Microsoft patches Exchange Server zero-day exploited in attacks

Microsoft has shipped a fix for an actively exploited Exchange Server flaw that lets attackers run arbitrary JavaScript in the browsers of Outlook Web Access users. Tracked as CVE-2026-42897, the high-severity spoofing bug enables cross-site scripting (XSS) attacks and affects Exchange Server 2016, Exchange Server 2019, and Exchange Server Subscription Edition (SE). It can be triggered remotely by attackers who hold no privileges on the targeted system.

According to the Exchange Team, an attacker abuses the weakness by emailing a victim a specially crafted message. If that user opens it in Outlook Web Access and a specific set of interaction conditions is satisfied, malicious JavaScript executes within the browser. Microsoft first addressed the threat in mid-May by pushing an automatic, temporary mitigation through the Exchange Emergency Mitigation Service (EEMS).
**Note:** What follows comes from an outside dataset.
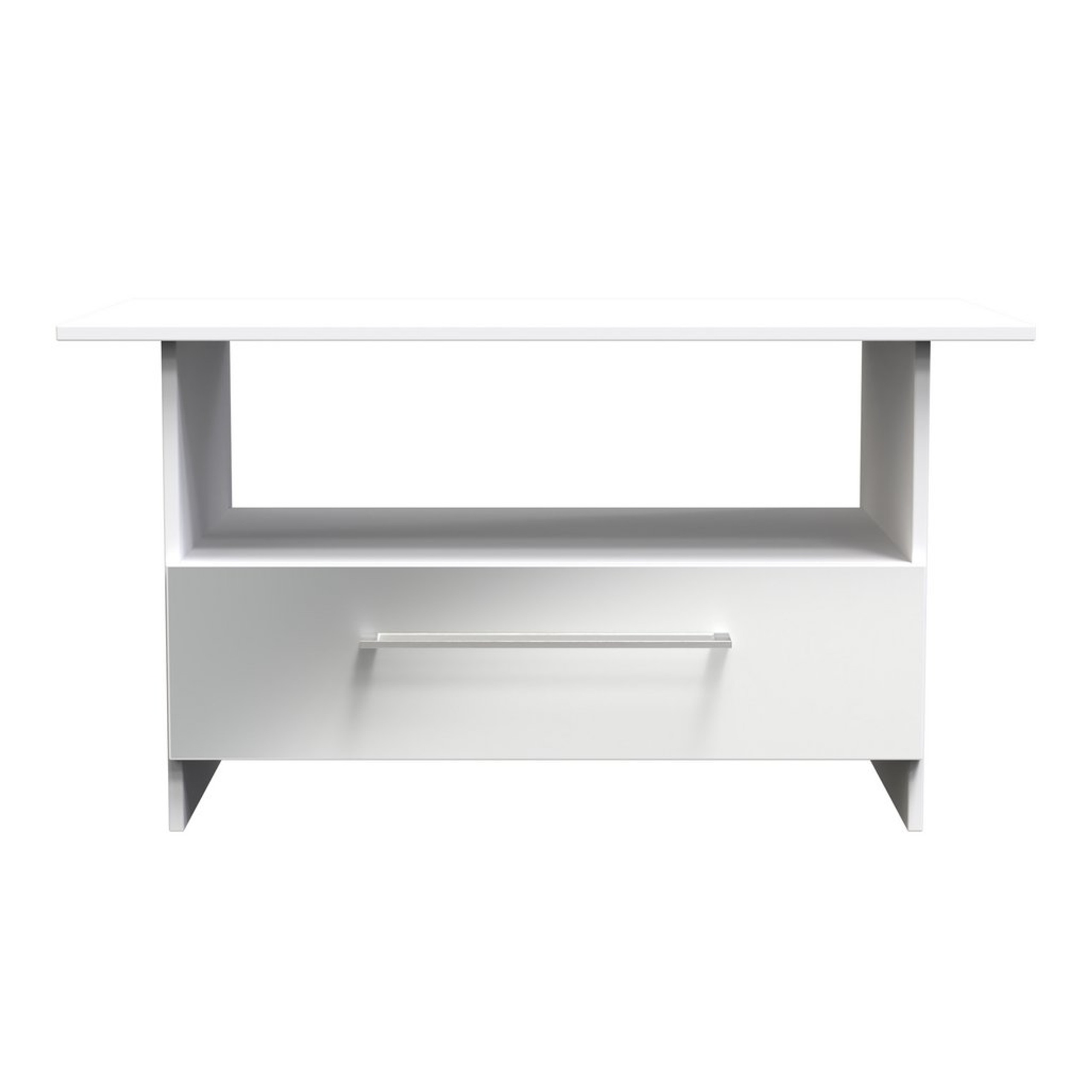 This stylish Coffe Table includes a full width storage drawer and is perfect for any room. A elegant modern range, with solid metal pull bar handles and comes in a range of scratch resistant gloss or matt finishes. All our furniture is made in the United Kingdom, to the highest quality. It is delivered direct to your location of choice by one of our two man delivery teams, and comes fully assembled (although legs may be removed to prevent damage in transit).

The full patch arrived a day before this report, with Microsoft urging administrators to apply the June 2026 Security Updates "as soon as possible" while keeping the earlier mitigation switched on for extra protection. The company said it is continuing to strengthen defenses against XSS attacks and recommended that customers leave the mitigation in place as an additional safeguard while further improvements roll out. Microsoft had not responded to questions about the in-the-wild attacks at the time of writing.
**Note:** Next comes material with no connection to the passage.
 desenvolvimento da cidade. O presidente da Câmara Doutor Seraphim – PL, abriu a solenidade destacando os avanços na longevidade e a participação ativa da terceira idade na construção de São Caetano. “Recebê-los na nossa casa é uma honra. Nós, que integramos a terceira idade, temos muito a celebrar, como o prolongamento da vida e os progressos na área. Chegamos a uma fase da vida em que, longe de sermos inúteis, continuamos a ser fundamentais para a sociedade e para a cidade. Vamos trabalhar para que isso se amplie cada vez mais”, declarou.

A long-running target for attackers

The U.S. Cybersecurity and Infrastructure Security Agency flagged the bug as exploited in the wild on May 15, adding it to its Known Exploited Vulnerabilities catalog and giving federal agencies until May 29 — a two-week window — to patch. Exchange remains a favorite target: over the past five years, CISA has cataloged 20 exploited Exchange Server vulnerabilities, 14 of which ransomware groups have abused. The pressure on aging deployments is also clear from last October's move, when — weeks after Exchange 2016 and 2019 reached end of support — CISA and the National Security Agency issued guidance on hardening Exchange servers against attack.